In assessing Madison Avenue's annual ad-sales ritual, the outspoken Mandel said: "Most clients are up to the limit on their [credit] cards."

Networks that claim the kids' upfront should wrap late this month "are blowing smoke up your a—," he added.

Network cable's aggregate Nielsen Media Research share of the primetime audience will reach 45 this year, compared with the Big Four broadcast networks' 48 share, McGowan predicted.

However, cable should finish with 40 percent of the upfront dollars, while the balance will go to broadcast.

Over the previous five upfronts, cable has notched an average increase of 23 percent, he said, while broadcast has seen average growth of 7 percent over that span.

"No way they will be able to maintain that momentum," McGowan said. "This year will be one of major correction" in terms of media-buying patterns.

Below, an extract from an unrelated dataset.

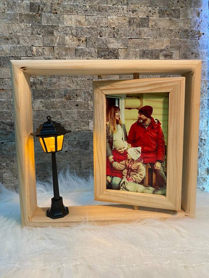 Wooden Rotating Photo with Led Street Lamp, Engagement Gift, Gift for Couples ,Double Sided Rotating Photo Frame

In other advertising-related developments last week:

  • Salomon Smith Barney analyst Jill Krutick last week projected a 4 percent uptick in overall U.S. ad spending, to $245 billion, though she said the upfront would feel the strikes' effect. "We estimate upfront pricing to be flat to up modestly," she said at The Big Picture, a conference co-sponsored by her firm and Cahners Television Group.
  • At the same conference, Salomon's Niraj Gupta predicted the upfront would be "one of the weakest in the last 10 years, although not necessarily the worst. Pricing might be up zero to 4 percent."
  • Viacom Inc. president Mel Karmazin told The Big Picture that he remained optimistic about its ad-sales growth this year, despite a difficult first half.

Mike Farrell and Monica Hogan contributed to this story.